/surfline-pipeline-aws-py

👾 e2e distributed pipeline I wrote for the first version of surfline sessions

Primary LanguagePython

Surfline Sesh v1


👾 this repo contains a project i am pretty proud of, the first version of Surfline Session's, a high-impactful mass-adopted product i built from scratch, while working at their sweet office at huntington beach.
👉 it's basically an end-to-end pipeline leveraging aws lambda + sqs + sns + s3 for a feed that retrieves videos (within two given NTP UTC timestamps), edit, and serve them to an api endpoint.
📚 sns is a pub/sub system, while sqs is a queueing system. sns is used to send the same message to multiple consumers via topics, while each message in an sqs queue is processed by only one consumer (in this case, the lambda function).



Summary


This application performs the following steps:

  1. Receive a SQS event requesting a clip for a given time interval.
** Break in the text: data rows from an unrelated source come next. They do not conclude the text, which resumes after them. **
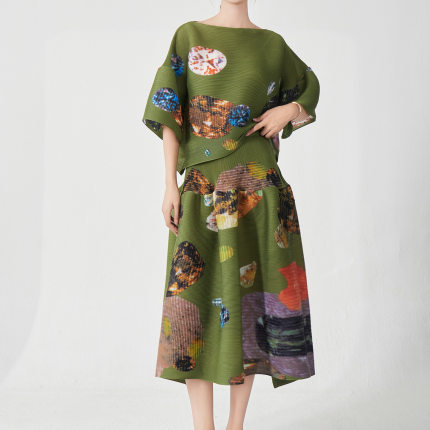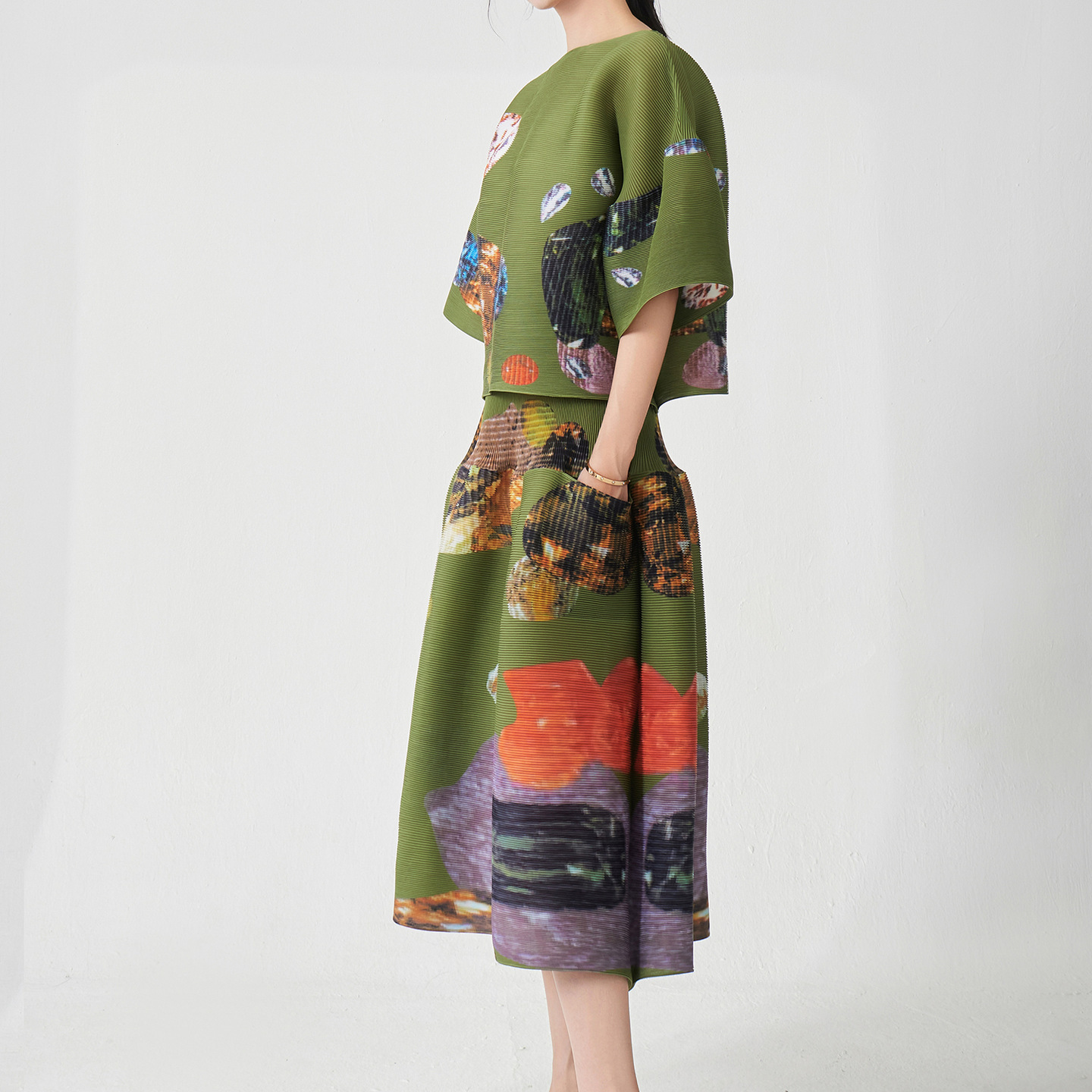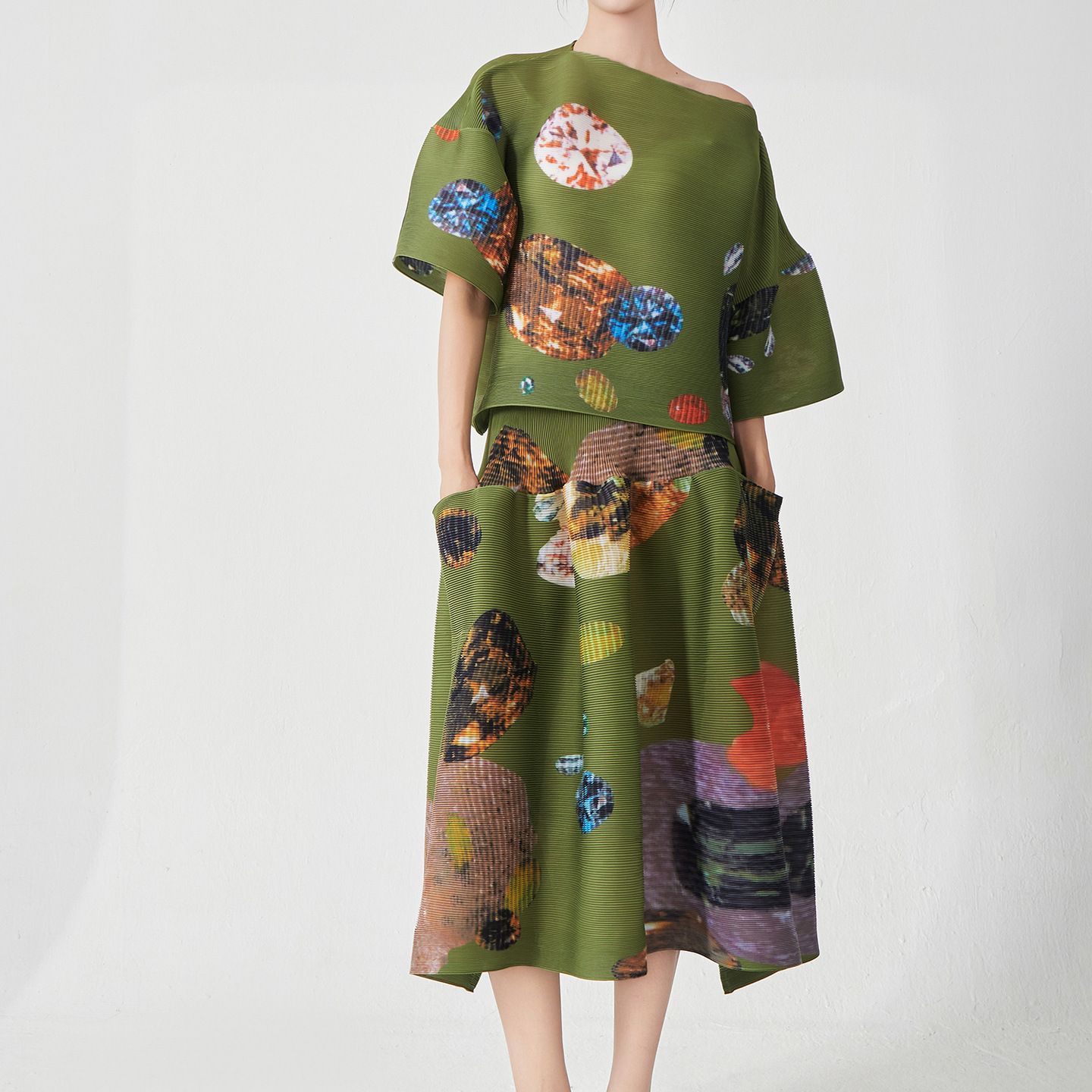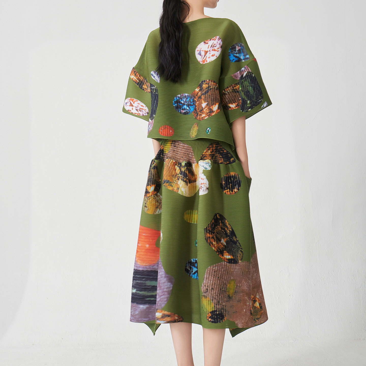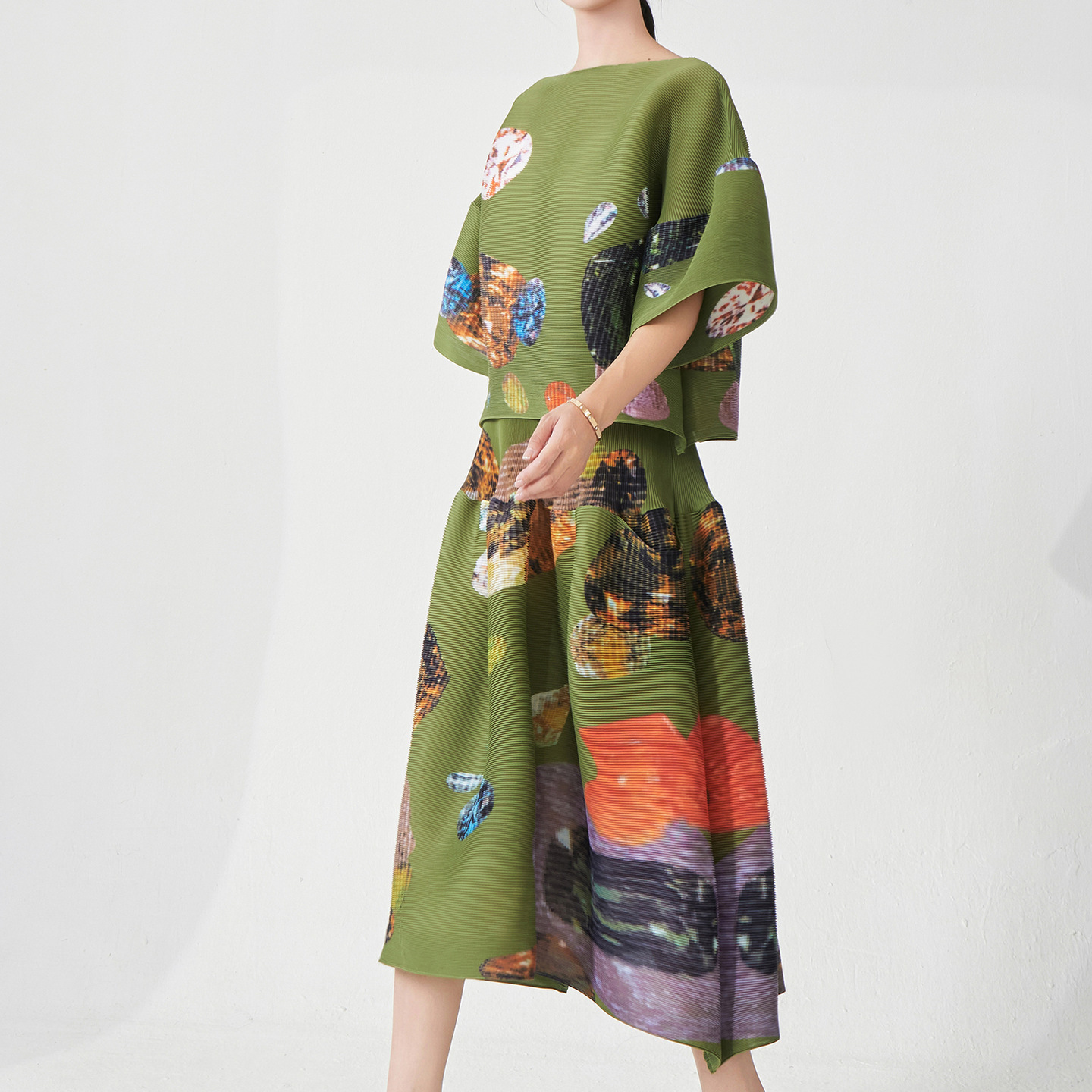 三宅时尚褶皱女两件套高级感时尚印花宽松上衣百搭半身裙女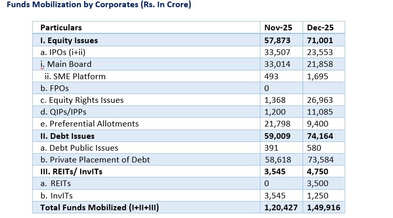 There were 03 main board IPOs in January 2026 including Bharat Coking Coal Limited, Amagi Media Labs Limited, and Shadowfax Technologies Limited, against 10 main board IPOs in December 2025. There were 10 SME IPOs in January 2026 as compared to 15 SME IPOs in December 2025.
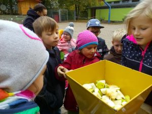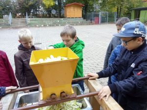 Ein paar Tage nach unserer Apfelsammel-Aktion durften wir unter Anleitung unseres Hausmeisters aus den Äpfeln unseren eigenen Apfelsaft pressen. Zuerst mussten die Äpfel gewaschen und in Stücke geschnitten werden. Dann kamen die Stücke in die Presse und wir brauchten teilweise unsere ganze Kraft, um anschließend den leckeren Saft genießen zu können. Mmmh, sehr fein!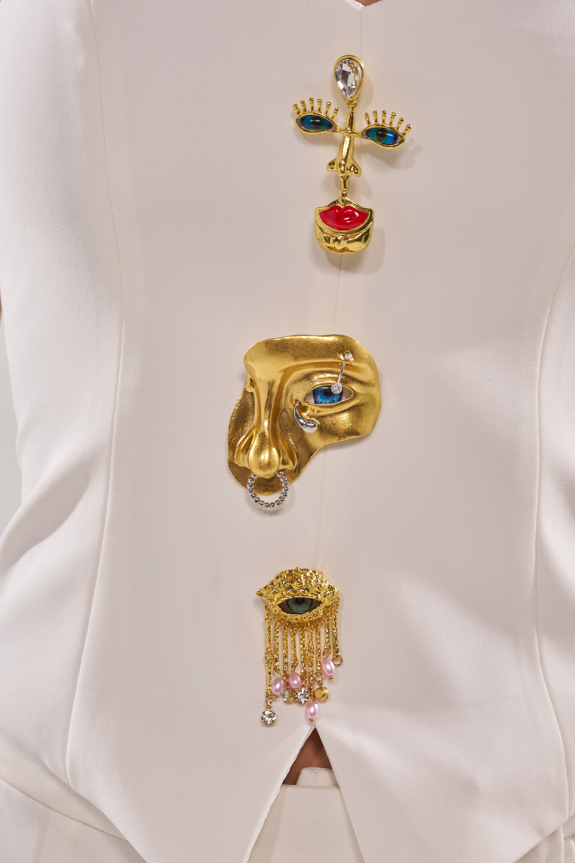 Eye spy a fashion icon! The AKIRA Label Eye Got My Eyes on You Pin Detail Corset Top is crafted from a sleek, luxe fabric and features a corset-style bodice, a halter-style strap, a sweetheart neckline, a pointed hemline, and three gold-tone, 3D sculptural body-themed pins running down the front. Complete with a metallic back zipper closure. Try styling with the coordinating AKIRA Label Eye Got My Eyes On You Pin Detail Tailored Blazer, a mini skirt, and platform pumps for a unique, artistic finish.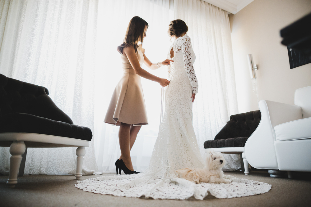 - Bride and bridesmaids getting dressed, applying makeup

An example of SQS event is the follow:
        {
          "Records": [
            {
              "body": "{'clipId': '1111111111111', 'retryTimestamps': [], 'cameraId': '1111111111111', 'startTimestampInMs': 1537119363000, 'endTimestampInMs': 1537119423000}",
              "receiptHandle": "MessageReceiptHandle",
              "md5OfBody": "7b270e59b47ff90a553787216d55d91d",
              "eventSourceARN": "arn:aws:sqs:us-west-1:123456789012:MyQueue",
              "eventSource": "aws:sqs",
              "awsRegion": "us-west-1",
              "messageId": "19dd0b57-b21e-4ac1-bd88-01bbb068cb78",
              "attributes": {
                "ApproximateFirstReceiveTimestamp": "1523232000001",
                "SenderId": "123456789012",
                "ApproximateReceiveCount": "1",
                "SentTimestamp": "1523232000000"
              },
              "messageAttributes": {
                "SentTimestamp": "1523232000000"
              }
            }
          ]
        }
  1. Call the a camera API with the endpoint /cameras/cameraID to retrieve a camera alias for the given camera id.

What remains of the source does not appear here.